Package pt.tumba.ngram

The TCatNG Toolkit is a Java package that you can use to apply N-Gram analysis techniques to the process of categorizing text files.

See:
          Description

Interface Summary
Profile Abstract interface to model an N-Gram Profile.
 

Class Summary
DataProfile A Profile stores N-gram frequency information for a given textual string.
EntryProfile A Profile stores N-gram frequency information for a given textual string.
LanguageClass Understanding the language of a given document is an essential step in working with unstructured multilingual text.
NGram This class models a concrete and simple N-Gram.
NGramCathegorizer NGramCathegorizer implements the classification technique described in Cavnar & Trenkle, "N-Gram-Based Text Categorization".
NGramConstants Contant values used in the TCatNG package.
ProfileReader Class to hold (static) methods to read in profile data.
ProfileWriter Write an N-Gram profile to disk.
TCatNG The TCatNG Toolkit is a Java package that you can use to apply N-Gram analysis techniques to the process of categorizing text files.
 

Exception Summary
TCatNGException Wrapper for Exceptions used in the TCatNG package.
 

Package pt.tumba.ngram Description

The TCatNG Toolkit is a Java package that you can use to apply N-Gram analysis techniques to the process of categorizing text files.
N-Grams are short sequences of bytes or letters, and their statistics provide valuable informations about byte sequences and strings.

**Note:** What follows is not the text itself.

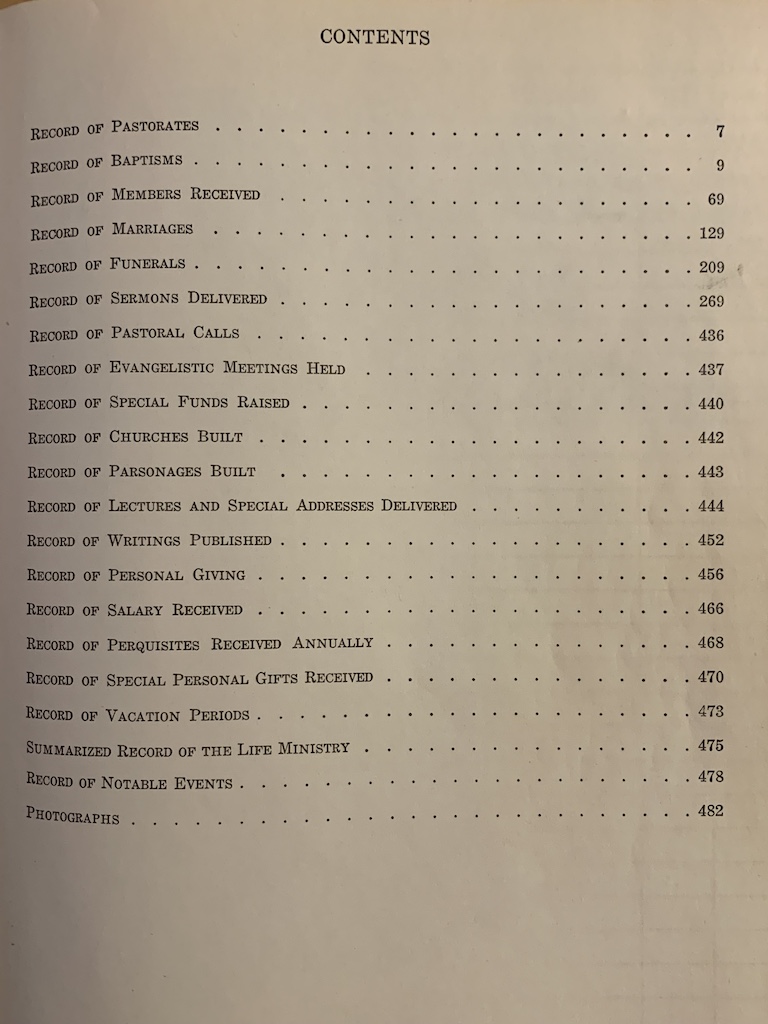 Unless you are a minister, you have probably never heard of this type of bound book which includes sections for recording a variety of activities and events that would occur throughout a paster’s life.  My dad had carefully filled out many of these sections throughout his career and continued even after he retired.  At the time I received it, I recognized it as a roadmap to my dad’s entire ministerial career, carefully scripted in his own handwriting (maybe today these are electronic records).

N-Gram based approaches are very powerful in text categorization because every string is decomposed into small parts, and errors tend to affect only a limited number of those parts, leaving the remainder intact.
The use of character N-Grams also does not explicitly or implicitly require the specification of a separator, as it is necessary for words. Consequently, analyzing a text in terms of N-Grams constitutes a valuable approach for text written in any language based on an alphabet and the concatenation text-construction operator, eliminating the need for complex text tokenization, stemming, and/or lemmatization.
There are many possible applications: categorizing documents by topic, detecting the author of a text, or recognizing the language and encoding for a bunch of bytes (i.e. in a search engine, to figure the language of a document). This is actually the first application this software package was designed for, but many other uncharted areas are up to you to explore.